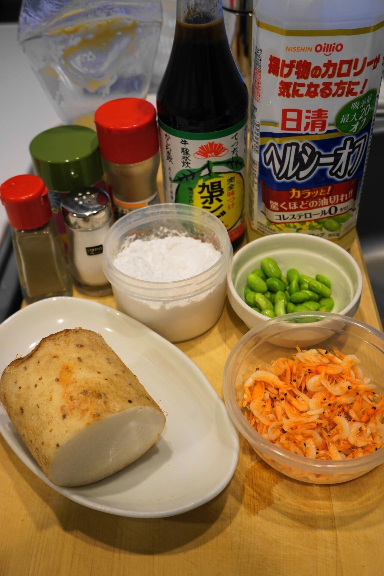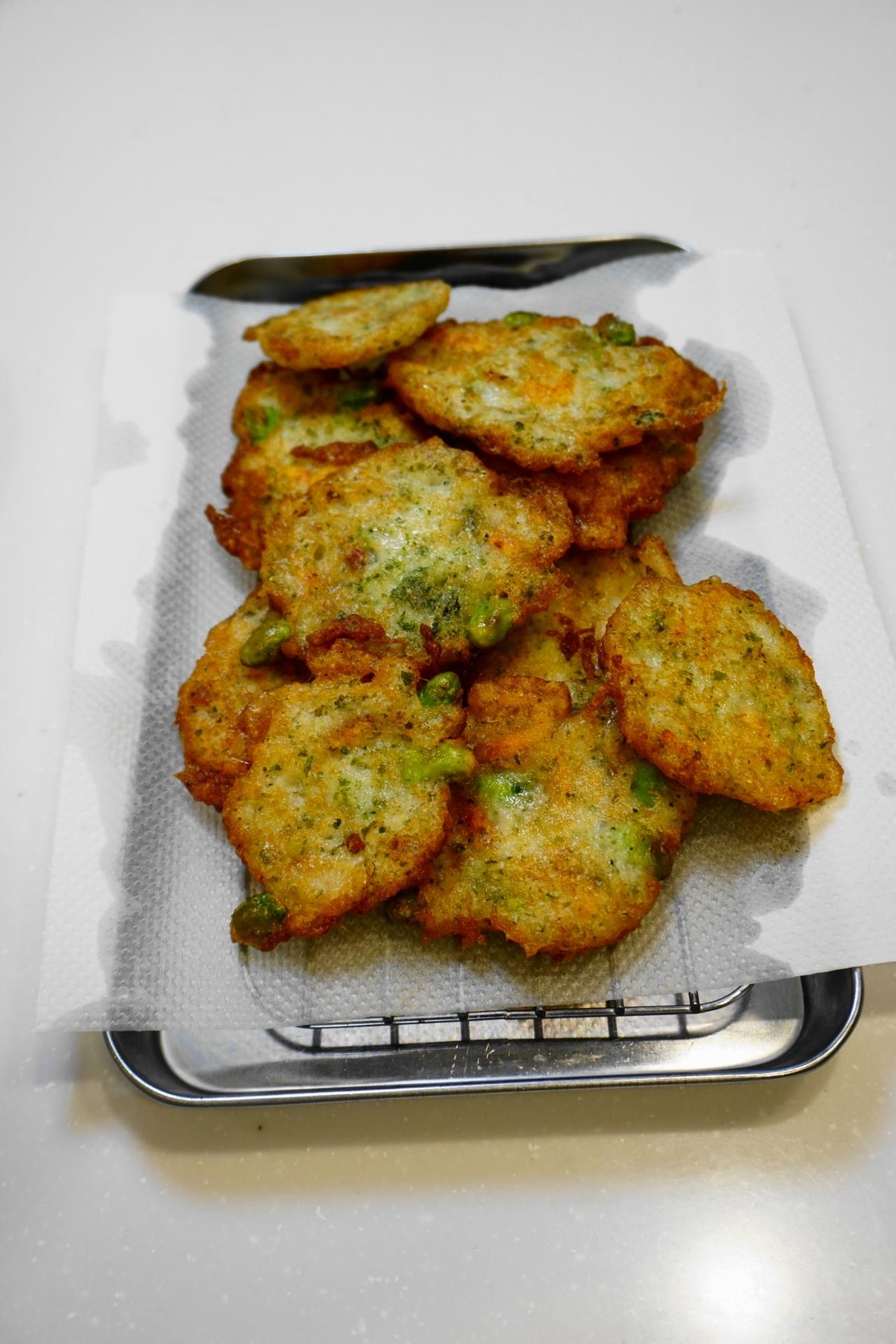 - 長芋と枝豆と桜えびの落し揚げ
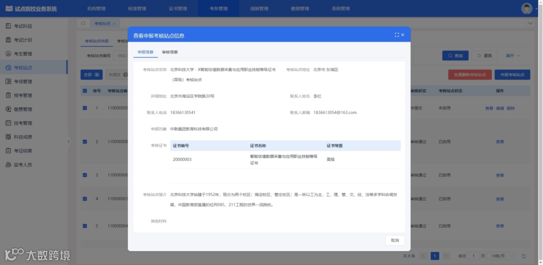 查看考点信息通过点击列表右侧“查看”按钮查看考核站点详细信息。
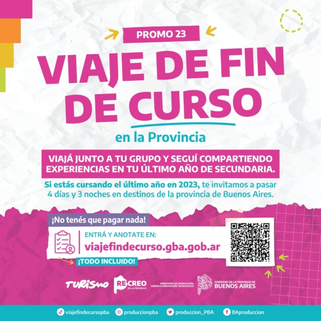 Para mayor información, evacuar dudas y avanzar con la inscripción pueden consultar el sitio web: https://viajefindecurso.gba.gob.ar/
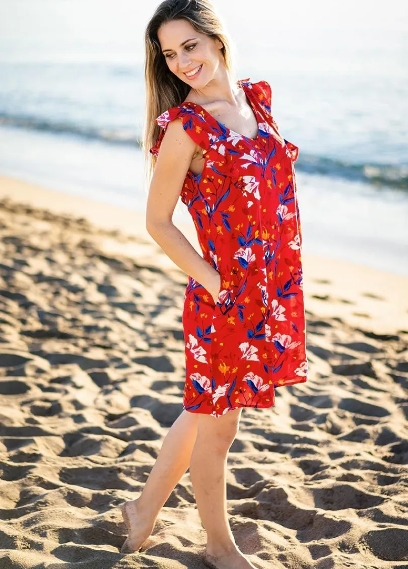 Cette jolie robe courte rouge à la coupe ample et au motif fleuri bleu et blanc conviendra à tout type de morphologie.
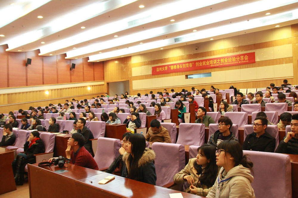 12月5日下午,由漫画柜 团学创业就业部与温大创业协会联办的“德修身&创青春”创业就业培训活动之创业经验分享会在育英图书馆二楼学术报告厅如期举行。此次分享会邀请了温州东帝工业设计公司总经理蔡良选先生、温州实力科技有限公司总经理陈小飞先生和温州左岸工业设计公司总经理黄松江先生,由漫画柜 学生科辅导员杜茜主持。三位创业成功人士前来分享他们的创业历程,众多温大学子慕名前来参加此次活动。讲座伊始,蔡良选先生以自身经历分享了自己艰辛的创业路。从一开始承载着梦想的出租房,到现在的大公司。蔡总一路上碰到了各种磨难,但是都没能打退他一颗坚定的创业心,更是告诫同学们要学会坚持,因为曙光总是在接踵打击之后的,我们不能轻言放弃。紧接着是陈小飞先生的创业历程,从第一单的尴尬,从艰苦的创业初期,陈总分享了他的人生信念:我们要学会尊重每一个人,我们要不畏惧每一次的失败,我们要让未来走在自己的脚下。随后,黄松江先生通过精彩的PPT,为我们展示了创业初期到如今稳定的每一次进步,告诉同学们在信息爆炸的时代,我们要抓住每一次机遇,敢于挑战,开拓思维,因为我们还年轻,我们有失败的资本。三位老总经验分享后,会场进入了互动环节,台下的听众们纷纷抛出当下尖锐的创业难题,总经理们都一一为同学们耐心解答,还为同学们提供了自己公司选拔人才的标准。希望同学们能够更好的学好专业知识,为未来铺路。本次丰富精彩的创业经验分享会,让同学们进一步了解了创业途中会碰到的一系列问题,更让同学们懂得了在创业的路上,我们应该做什么、怎么做和如何做。(通讯员:卢梦婷,摄影:刘炳言 )
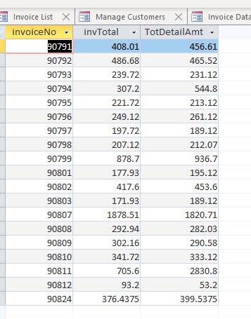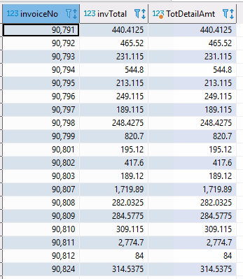 the invTotal and TotDetailAmt and here's what came up. As you will see,
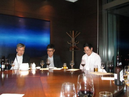 (菜農陪同方洪波,參加東芝開利的商務晚宴。方洪波(中),東芝開利社長(左),菜農(右))
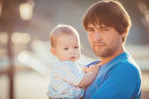 Zdjęcie "Portret rodziny szczęśliwy człowiek i niemowlę dziecko zabawy przez błękitne morze w sezonie letnim" może być wykorzystywane do celów osobistych i komercyjnych zgodnie z warunkami zakupionej licencji Royalty-free. Obraz jest dostępny do pobrania w jakości wysokiej rozdzielczości do 5760x3840.
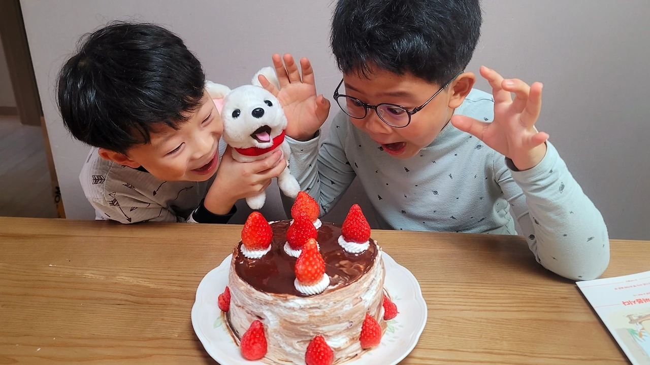 남편과 아이들은 생크림에 설탕을 넣고 반죽기로 돌렸다. 나는 또다시 방에 들어가 아이들의 "맛있겠다. 생크림 먹어도 돼요?" 하는 소리를 들으며 드라마를 보다가 "애들 사진이라도 찍어 주지?"라는 남편의 타박에 황급히 나와 아이들 사진을 찍어 주었다.
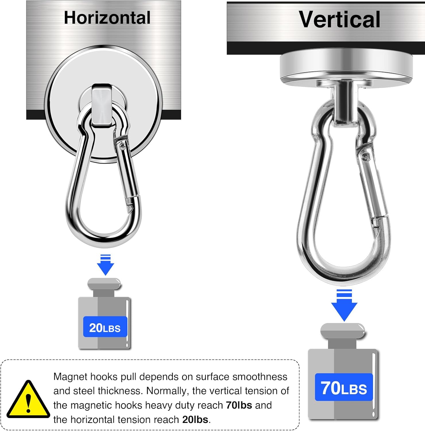 - 【STRONG MAGNETS】The strong magnetic hook has super strong suction, which can generally reach 70lbs when suspended vertically and 20lbs when suspended horizontally.The complimentary stainless steel carabiner hooks are more durable and last longer than aluminum buckles.
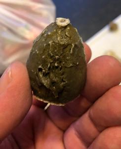 2 Fotos: Wir sehen bei der Zubereitung das noch weiß umhüllte Hexenei (links) und das innere olivgrüne Ei (rechts), das in Scheiben geschnitten, gebraten - und gegessen wird. Der Pilz schmeckt rettichartig. In manchen Regionen Frankreichs gilt dies als große Delikatesse und einige Pilzfreunde haben das auch auf dieser Website bekundet, siehe z. B. hier und hier.
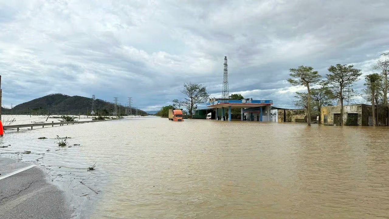 Sau trận mưa lớn do ảnh hưởng của hoàn lưu bão số 5, một đoạn Quốc lộ 1A ở Hà Tĩnh bị ngập sâu trong nước, khiến các phương tiện giao thông không thể đi qua.
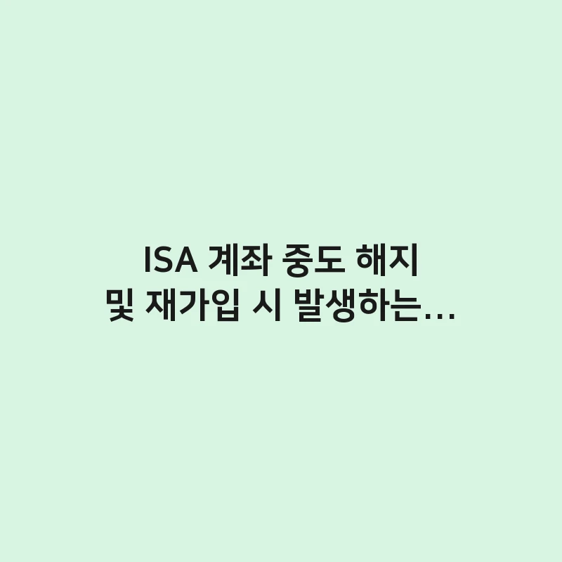 ISA 계좌 중도 해지 시 발생하는 문제점과 페널티를 총정리합니다. 3년 의무 기간을 못 채우면 비과세 혜택이 어떻게 사라지는지, 재가입은 언제 가능한지 모든 주의점을 알려드립니다. … 더 읽기.
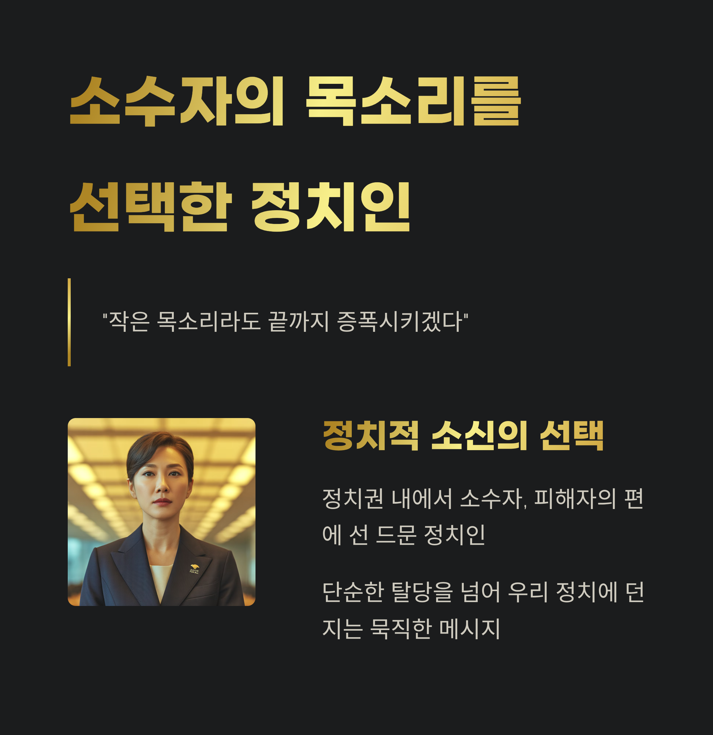 정치권 내에서 소수자, 피해자의 편에 선 정치인이 얼마나 드문지를 생각해볼 때, 그녀의 행동은 단순한 탈당을 넘어 우리 정치에 던지는 묵직한 메시지였습니다.
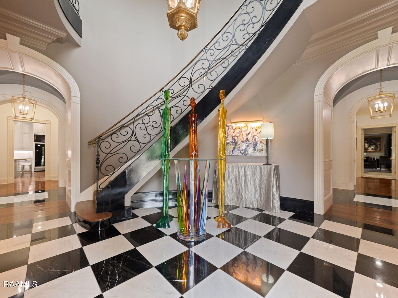 This striking foyer boasts a grand staircase, showcasing intricate wrought iron railings that elevate the space’s sophistication. A bold black and white checkered floor creates a dramatic entrance, complemented by the warmth of rich wood tones visible in adjacent areas. The layout incorporates a modern artistic touch, featuring vibrant glass sculptures that draw the eye and enhance the atmosphere. Soft lighting from elegant fixtures casts a welcoming glow, highlighting the subtle grey walls. With thoughtful design elements, this area combines elegance and family-friendly functionality, setting a refined yet inviting tone for the entire home.
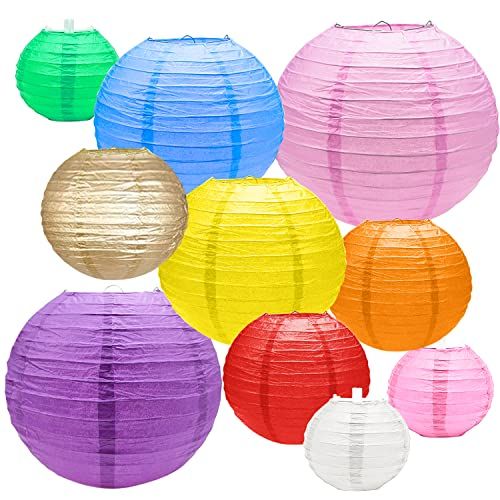 UGBO Papieren Lantaarn Gekleurde Lampionnen Lampenkap Ronde Papieren Lantaarns 20 Stuks Meerkleurige Lampions Paper Lamp Lampion Voor Buiten Tuin Familievieringen Bruiloften Feest Decoratie Lampionen (4 \" 6 \" 8 \" 10 \" 9 Kleuren)
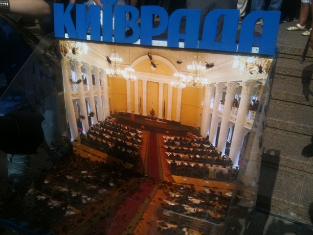 Участники утренней акции протеста под Киевским городским советом на одной из своих инсталляций сравнили депутатов горсовета с тараканами.
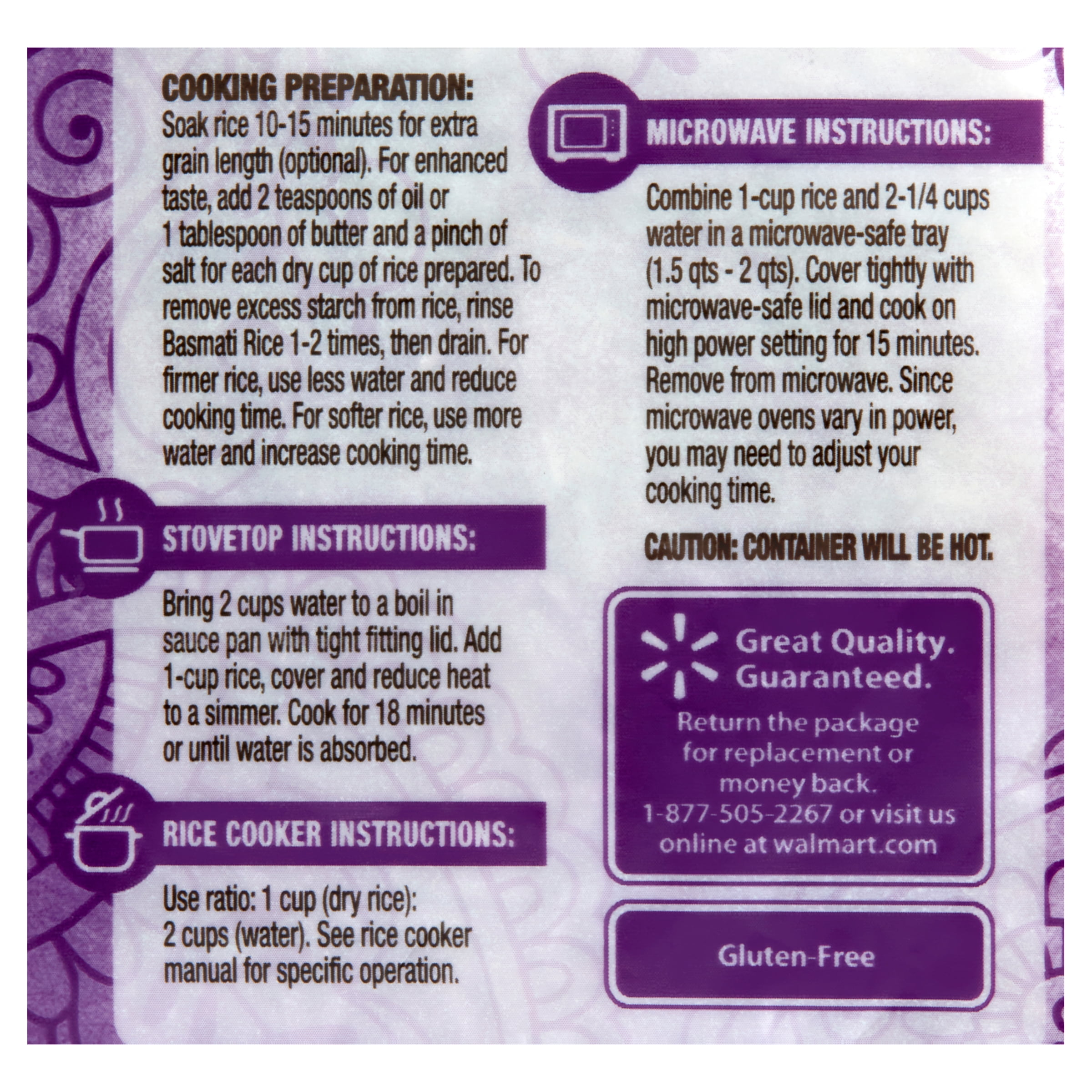No well-equipped pantry should be without a bag of Great Value Basmati Rice. This pantry staple can be enjoyed in so many ways, you’ll wonder how you ever cooked without it. Add it as a side to a roasted duck curry, spice it up with saffron or tarragon, or even make a sweet and creamy basmati rice pudding. Prepare your rice with the easy-to-read instructions conveniently located on the back of the package. You’ll love cooking in the kitchen with Great Value Basmati Rice.
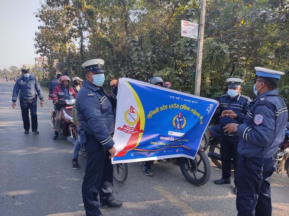 लुम्बिनी प्रदेश ट्राफिक प्रहरी कार्यालयको पहलमा र जिल्ला ट्राफिक प्रहरी कार्यालयको समन्वयमा लुम्बिनी प्रदेश स्तरीय सचेतना कार्यक्रम अन्तर्गत चालकसँग ट्राफिक प्रहरी अभियान विगत एक महिनादेखि संचालनमा छ । महिनाको चार साता फरक फरक कार्यक्रम भइरहेको छ । जसअन्तर्गत पहिलो साता मोटरसाइकल, दोस्रो साता हलुका सवारीसाधन तेस्रो साता ठूला सवारीसाधन र चौथो साता साइकल, रिक्सालगायतका सवारी साधनहरूलाई दुर्घटनाबाट बच्ने उपाय, सडक प्रयोग गर्दा अपनाउनु पर्ने सावधानी, ओभरटेक कसरी गर्ने भनेर सिकाउने, लेनसम्बन्धी प्रशिक्षण भइरहेको प्रमुख केसीले बताए ।
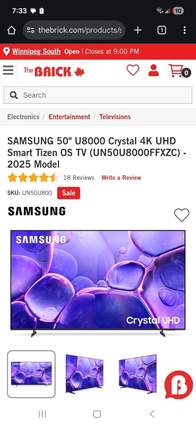 Samsung 50" Crystal UHD 4K Smart TV - U8000F
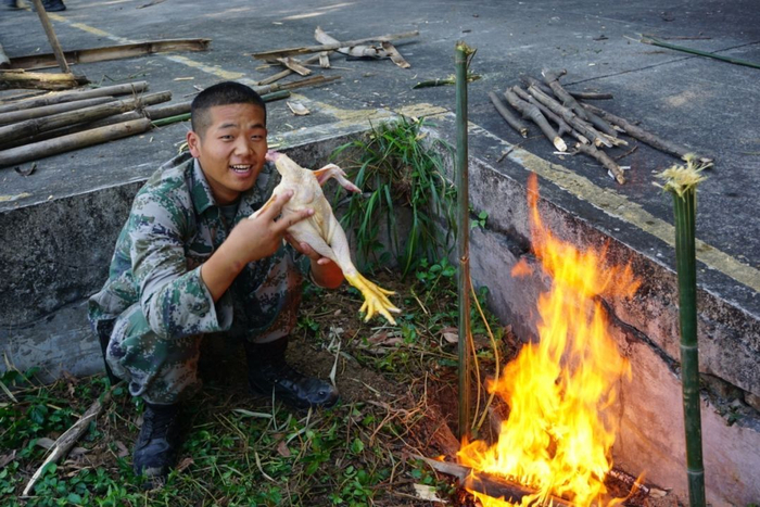 ▲用铁丝、木棍烧烤—美味的烧鸡
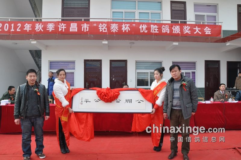许昌市信鸽协会赠予铭泰公棚 《公开、公正、公平》
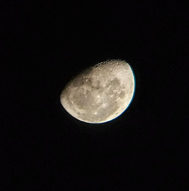 Another 'upside down' image of tonight's Waning Moon. 60mm Spotting Scope at x20 and phone camera.
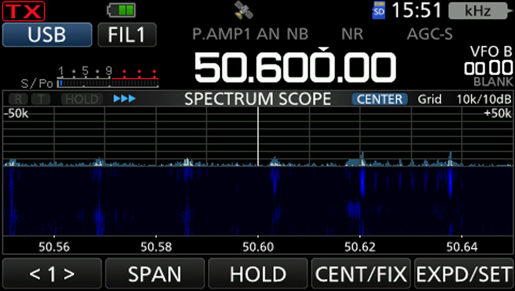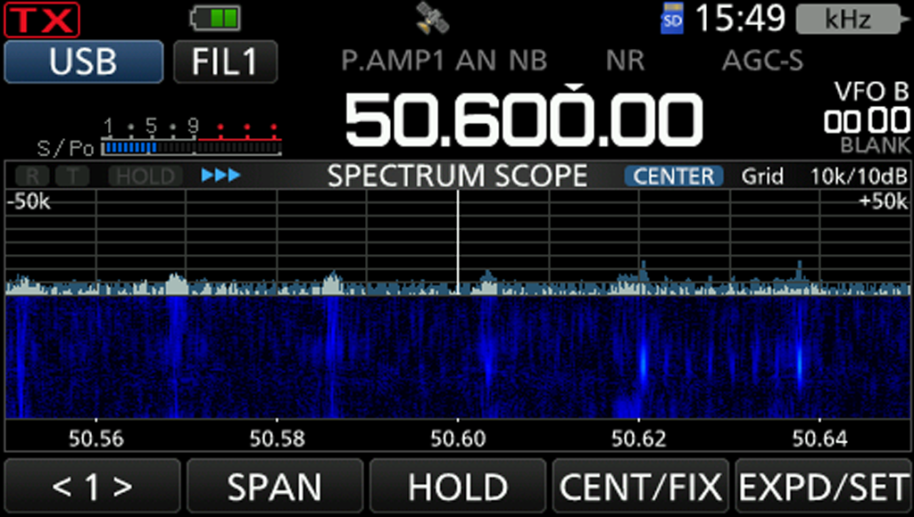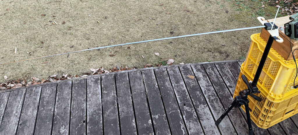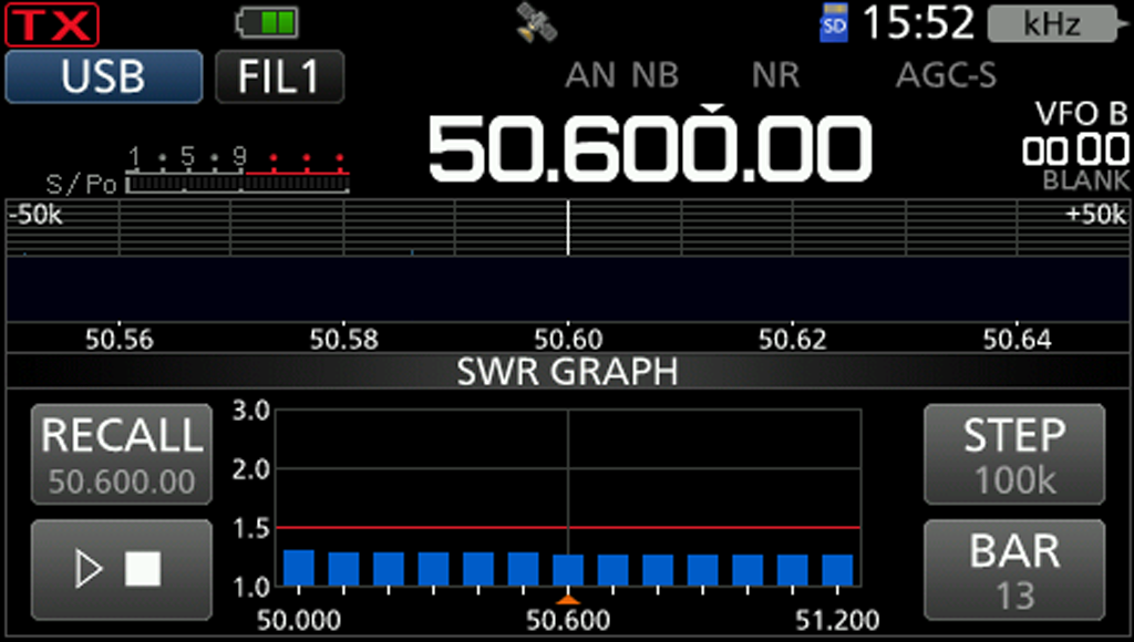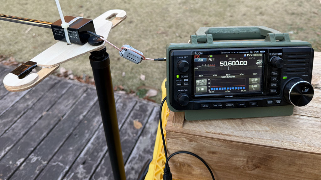 SWR測定前にこのシステムも端部給電アンテナ仕様なのでノイズを確認しました。ノイズは波のように大きくなり、その後小さくなるのを繰り返す事象でした。(自作した「気軽に使える50MHz用アンテナ」も同じ傾向でした。)画面はIC-705です。

▬▬▬▬▬▬

Exercise objective: Skipping every picture, transcribe exactly the lines above from the one containing "ISA 계좌 중도 해지" through the one containing "No well-equipped pantry", both included.

Result of this task:
 ISA 계좌 중도 해지 시 발생하는 문제점과 페널티를 총정리합니다. 3년 의무 기간을 못 채우면 비과세 혜택이 어떻게 사라지는지, 재가입은 언제 가능한지 모든 주의점을 알려드립니다. … 더 읽기.
 정치권 내에서 소수자, 피해자의 편에 선 정치인이 얼마나 드문지를 생각해볼 때, 그녀의 행동은 단순한 탈당을 넘어 우리 정치에 던지는 묵직한 메시지였습니다.
 This striking foyer boasts a grand staircase, showcasing intricate wrought iron railings that elevate the space’s sophistication. A bold black and white checkered floor creates a dramatic entrance, complemented by the warmth of rich wood tones visible in adjacent areas. The layout incorporates a modern artistic touch, featuring vibrant glass sculptures that draw the eye and enhance the atmosphere. Soft lighting from elegant fixtures casts a welcoming glow, highlighting the subtle grey walls. With thoughtful design elements, this area combines elegance and family-friendly functionality, setting a refined yet inviting tone for the entire home.
 UGBO Papieren Lantaarn Gekleurde Lampionnen Lampenkap Ronde Papieren Lantaarns 20 Stuks Meerkleurige Lampions Paper Lamp Lampion Voor Buiten Tuin Familievieringen Bruiloften Feest Decoratie Lampionen (4 \" 6 \" 8 \" 10 \" 9 Kleuren)
 Участники утренней акции протеста под Киевским городским советом на одной из своих инсталляций сравнили депутатов горсовета с тараканами.
No well-equipped pantry should be without a bag of Great Value Basmati Rice. This pantry staple can be enjoyed in so many ways, you’ll wonder how you ever cooked without it. Add it as a side to a roasted duck curry, spice it up with saffron or tarragon, or even make a sweet and creamy basmati rice pudding. Prepare your rice with the easy-to-read instructions conveniently located on the back of the package. You’ll love cooking in the kitchen with Great Value Basmati Rice.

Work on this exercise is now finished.